Awards season can be so serious: Death itself haunts at least a dozen of this year’s top contenders. But, thankfully, the Golden Globe Awards offer plenty of comic relief from the surrounding cinematic gloom. For while Oscar is notoriously resistant to comedies and often skeptical about musicals, the Hollywood Foreign Press Association, which votes for the Globes, sets aside separate categories for comedies and/or musicals. This year, with nominations scheduled to be announced Dec. 13, the HFPA is free to choose from a full-fledged musical like Les Miserables or even an R-rated hit comedy like Ted. And there also are plenty of films that aren’t as easily classifiable but have enough music or comedy to merit consideration. Not Fade Away, for example, has plenty of music, since it follows a garage band in the early ’60s, but it strikes an entirely different note from the ’80s-set Rock of Ages. This year’s comic performers range from the gentle eccentrics of Moonrise Kingdom to the self-absorbed, upper-middle-class Angelenos of This Is 40. Time, then, to lighten up and consider the possibilities.
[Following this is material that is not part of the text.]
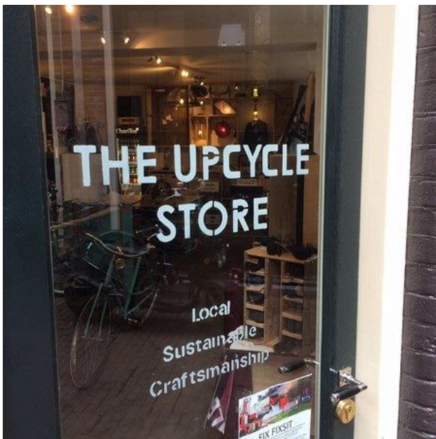
The Upcycle Store in Amsterdam

Startpunt voor iedere werkgroep vormen de grondstoffenstromen waarvan de gemeente eigenaar is via de inzameling van huishoudelijk afval en het onderhoud en beheer van de openbare ruimte. De context per grondstofstroom loopt echter uiteen, evenals de samenwerkingspartners en de uitdagingen. Daarom zal de voortgang per stroom verschillen.

Some years, there’s not a genuine movie musical in sight, but that’s not the case this season as Les Miserables gets ready to barricade itself in the multiplex on Christmas Day. And that means Hugh Jackman, a past nominee in this category for the 2001 time-travel comedy Kate & Leopold, is a virtually guaranteed nominee for singing his way through 19th century Paris as the bread-loving Jean Valjean. While the HFPA isn’t as generous with its supporting acting categories as it is with best picture, actor and actress — its supporting actor and actress races have five slots each, which must accommodate drama, comedy and musical — a few of Jackman’s Les Mis brothers-in-arms, especially Eddie Redmayne, could squeeze into that category.
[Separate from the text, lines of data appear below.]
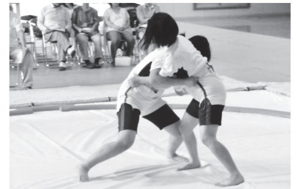
学校行事の校内相撲大会の様子
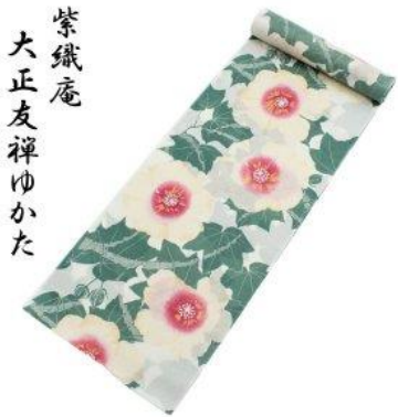
「紫織庵・大正友禅」
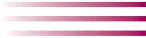
Table des aînés de la MRC des Pays-d'en-Haut
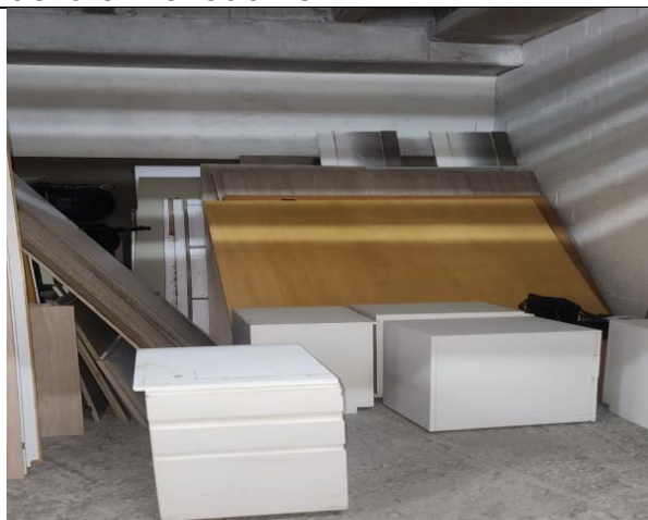
Mesas de Juntas (tablas grandes) y archivadores blancos en mal estado

Because the Globes definition of a musical is fairly elastic, hopefuls range from Rock of Ages (which might result in supporting noms for such Globe favorites as Alec Baldwin or Tom Cruise) to Not Fade Away (with a nom for James Gandolfini’s dad character) as well as Any Day Now, an indie about a gay couple in the ’70s fighting for custody of an autistic teen. It’s fairly dramatic stuff, but since Alan Cumming plays a cabaret performer and belts out a couple of tunes, that puts the film in the musical camp.
On the comedic side of the equation, Silver Linings Playbook’s Bradley Cooper is expected to be one of the season’s major players for his performance as a bipolar man on the verge of another nervous breakdown. Robert De Niro, who plays his superstitious dad, is courting supporting honors as well.
But there also are plenty of other possibilities. Jack Black has gotten some of the best reviews of his career as a lethal funeral home director in the dark comedy Bernie; the same goes for Matthew McConaughey, who could squeeze into a supporting slot for commanding a corps of male strippers in Magic Mike. Colin Farrell, a Globe winner in 2009 for Martin McDonagh‘s In Bruges, could get a callback for the same director’s Seven Psychopaths. Mark Wahlberg holds his own against a foul-mouthed teddy bear in Ted. And to cap off a political year, Will Ferrell and Zach Galifianakis play dueling small-town politicians in The Campaign, while Sacha Baron Cohen satirizes Middle East tyrants in The Dictator.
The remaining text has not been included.